In the lack of a more stable and freely filtered serum marker than creatinine, knowledge of the inaccuracies of eGFR, and when to choose mGFR, has important clinical implications. The nephrotoxic effects of agents such as cisplatin may exacerbate the discrepancy between plasma creatinine levels and the GFR, as GFR may decline while plasma creatinine remains unchanged. This trend was evident in our cohort, with a decrease in the CCC (Table S3) in patients treated with cisplatin. In contrast, such a trend was not observed in patients who were administered carboplatin (Table S4).

The study’s finding suggesting CKD-EPI is the most precise method aligns with similar studies for urothelial carcinoma using different mGFR references (CrCl), although agreement is not consistent for all cancers [8, 18, 38, 48, 49]. We found no clinical characteristics, baseline creatinine values or treatment related characteristics that helps to guide the use of mGFR or eGFR for individual patients, except for the decline in accuracy during later cycles of cisplatin treatment, which we attribute to the nephrotoxic effect of cisplatin. Even for patients with a low GFR, the variability in LOA is as consistent as for the higher GFRs (Figures S2 and S3). This suggests that fluctuations in creatinine that do not reflect actual GFR changes affects the variation in agreement between eGFR and mGFR, partly this variation can be driven by cisplatin nephrotoxicity in the longitudinal measurements. On the other hand, the within-subject variation of mGFR of 15% reflects actual GFR changes and also affects the inconsistency in agreement [38]. Care should be taken when interpreting eGFR on patients with extreme values of BMI, and in the last cycles of cisplatin treatment [18, 38, 41].

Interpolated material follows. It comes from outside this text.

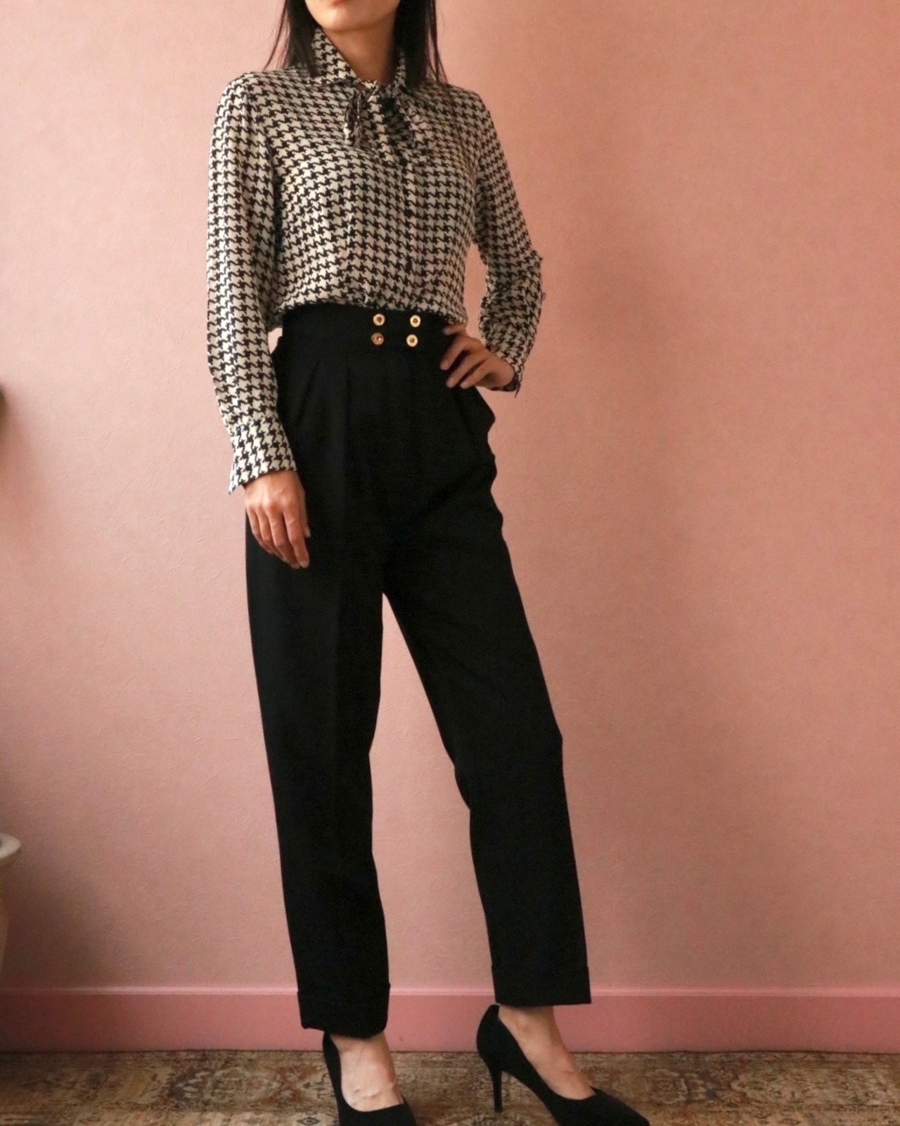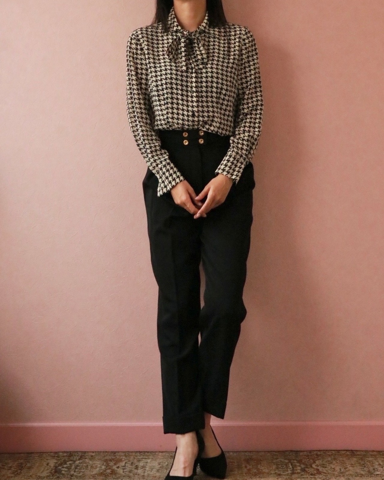 ベルト要らずなウエストのディテールとラインの美しさに惚れ惚れするシャネルのウールパンツ。シルクのライナーで着心地も抜群。

As in other comparative studies, this study affirms the good performance of the CKD-EPI equation on enzymatically measured creatinine [8, 10, 38, 48, 49]. Clinical decisions on cisplatin eligibility and carboplatin dose calculation should be guided by standard protocols, with mGFR remaining accessible, particularly for patients receiving cisplatin. Presently, guidelines lack clarity and do not favor one method over another. We suggest an update in clinical guidelines for managing urothelial carcinoma, to recommend CKD-EPI as the preferred equation for eGFR echoing the recommendation of KDIGO, although we do acknowledge that the differences between the estimation methods are modest [50]. Exclusive reliance on eGFR to determine glomerular filtration rate may lead to an elevated risk of adverse events, especially in patients receiving cisplatin during subsequent cycles of treatment.

Strengths and limitations

A strength of this study is the large dataset with corresponding mGFR from a clinical gold standard reference and serum creatinine values from an accredited laboratory using enzymatic assays and well annotated patient cohort. The estimation methods do not meet optimal standards, but a larger cohort would not amend this and further comparative studies using the same methods for this patient population are unlikely to yield different results. Limitations of this study include its retrospective design with possible confounders unaccounted for such as actual changes in GFR between eGFR and mGFR if not measured in the same day. Inherent variabilities in reference measurements (mGFR) and external factors like day-to-day variations in performance of laboratory equipment and variations in patient conditions can influence results. Lacking an absolute eGFR gold standard achieving specific LOA, CCC, and TDI benchmarks, we focus on relative differences between available methods.